Note that this is not necessarily the same as the URL used to request the document, as the base URL may be overridden by an HTTP header accompanying the document.
The META element
The META element can be used to include name/value pairs describing properties of the document, such as author, expiry date, a list of key words etc. The NAME attribute specifies the property name while the CONTENT attribute specifies the property value, e.g.
<META NAME="Author" CONTENT="Johny Godó">
This contains the document body. Both start and end tags for BODY may be omitted. The body can contain a wide range of elements:
Headings (H1 - H6)
The ADDRESS element
Block level Elements
Text level elements
The key attributes are: BACKGROUND, BGCOLOR, TEXT, LINK, VLINK and ALINK. These can be used to set a repeating background image, plus background and foreground colors for normal text and hypertext links.
Example:
<body bgcolor=white text=black link=red vlink=maroon alink=fuschia>
Most elements that can appear in the document body fall into one of two groups: block level elements which cause paragraph breaks, and text level elements which don’t. Common block level elements include H1 to H6 (headers), P (paragraphs) LI (list items), and HR (horizontal rules). Common text level elements include EM, I, B and FONT (character emphasis), A (hypertext links), IMG and APPLET (embedded objects) and BR (line breaks).

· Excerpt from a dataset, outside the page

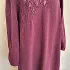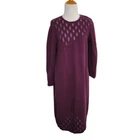 J. McLaughlin knit sweater dress Size XL extra large 54% cotton/44% modal Hand wash Pullover styling Round neck 3/4 sleeves Sangria purple Crochet detail Stretchy No pockets Unlined Approx. lay-flat measurements: Length: ~42.5" Pit to pit: ~20.5" Sleeves: ~19.5" Good pre-owned condition. There is some wash wear, esp. in underarm area, but no holes/stains

Note that block elements generally act as containers for text level and other block level elements (excluding headings and address elements), while text level elements can only contain other text level elements. The exact model depends on the element.
H1, H2, H3, H4, H5 and H6 are used for document headings. You always need the start and end tags. H1 elements are more important than H2 elements and so on, so that H6 elements define the least important level of headings. More important headings are generally rendered in a larger font than less important ones. Use the optional ALIGN attribute to set the text alignment within a heading, e.g.
<H1 ALIGN=CENTER> ... centered heading ... </H1>
The default is left alignment, but this can be overridden by an enclosing DIV or CENTER element.
The ADDRESS element requires start and end tags, and specifies information such as authorship and contact details for the current document. User agents should render the content with paragraph-breaks before and after.
Example:
<ADDRESS> Author<BR> Johny Godo<BR> MFF UK Bratislava<BR> Tel: +421 7 724 000 /211 </ADDRESS>
P paragraphs - The paragraph element requires a start tag, but the end tag can always be omitted. Use the ALIGN attribute to set the text alignment within a paragraph, e.g. <P ALIGN=RIGHT>
UL unordered lists - These require start and end tags, and contain one or more LI elements representing individual list items.
OL ordered (i.e. numbered) lists - These require start and end tags, and contain one or more LI elements representing individual list items.
DL definition lists - These require start and end tags and contain DT elements that give the terms, and DD elements that give corresponding definitions.
PRE preformatted text - Requires start and end tags. These elements are rendered with a monospaced font and preserve layout defined by whitespace and line break characters.
DIV document divisions - Requires start and end tags. It is used with the ALIGN attribute to set the text alignment of the block elements it contains. ALIGN can be one of LEFT, CENTER or RIGHT.
CENTER text alignment - Requires start and end tags. It is used to center text lines enclosed by the CENTER element. See DIV for a more general solution.
BLOCKQUOTE quoted passage - Requires start and end tags. It is used to enclose extended quotations and is typically rendered with indented margins.
FORM fill-out forms - Requires start and end tags. This element is used to define a fill-out form for processing by HTTP servers. The attributes are ACTION, METHOD and ENCTYPE. Form elements can’t be nested.
ISINDEX primitive HTML forms - Not a container, so the end tag is forbidden. This predates FORM and is used for simple kinds of forms which have a single text input field, implied by this element. A single ISINDEX can appear in the document head or body.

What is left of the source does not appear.